Build A Spec Ops Loadout
Custom loadouts are a big part of the Modern Warfare experience, and not every gun, perk, or piece of equipment is right for every situation. Just like you should make a loadout that works for you in NVG and another that's better for Team Deathmatch, you should consider your loadout for specific Spec Ops missions as well. For example, launchers have some very different uses in Spec Ops--some missions include attack helicopters that can absolutely ravage your team, and if nobody brings an anti-vehicle weapon, you're going to have a bad time. Smoke grenades might not have the greatest utility in a lot of multiplayer matches, but in Spec Ops they can be very helpful in allowing you to change positions or in giving you a chance to deal with one group of enemies while another can't see you. You'll probably have to do some experimentation with each Spec Ops mission and operation to figure out what works and what doesn't, since each one includes different elements. But don't sleep on messing with your loadout and trying new approaches.

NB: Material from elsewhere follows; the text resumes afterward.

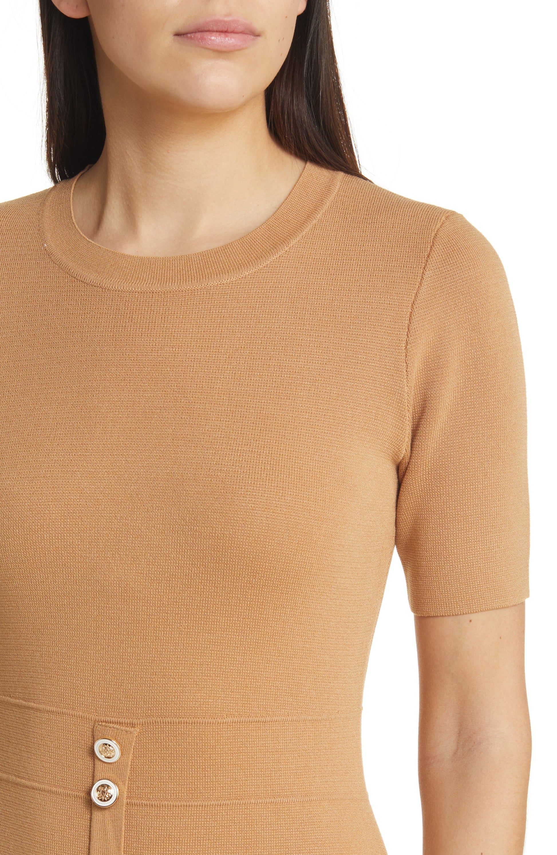 This sophisticated sweater-dress is knit in a longline silhouette with abbreviated sleeves and decorative buttons on the skirt. 47 1/2" length Slips on over head Crewneck Short sleeves 70% viscose, 30% polyester Hand wash, dry flat Imported

Once you go loud in a lot of Spec Ops missions, things get hairy. Enemies pour in from all sides and you're almost always taking fire and forced into cover. But charging into the middle of every enemy base and unloading on everyone you see isn't the only approach you can take in most Spec Ops missions. It's actually possible to take a stealthy tack in most missions, at least at the start. Keeping yourself under the radar can allow you to reach objectives much more easily than if you go loud in all situations. Using suppressors and sniper rifles can help, as can keeping a low profile and staying out of sight. Eventually, enemies will likely catch on and you'll find yourself in an all-out battle, but delaying that situation can greatly increase your chances of success.
Use Your Active Ability--But Save It For Emergencies
Each of the character roles in Spec Ops comes with a passive ability and an active ability, and each of the active abilities is extremely useful. The Heavy role can instantly deck out their whole team with armor; the Medic can revive three fallen teammates at once, whether they're nearby or not. Each of the abilities has a specific use case, and each one can save your bacon under the right circumstances. The trouble is, active abilities take a long time to recharge. They're best saved for key moments and emergencies, because once you use them, you're not going to have them back for a while. Don't forget that your active ability is an option, because it's extremely useful, but make sure you don't waste it, too.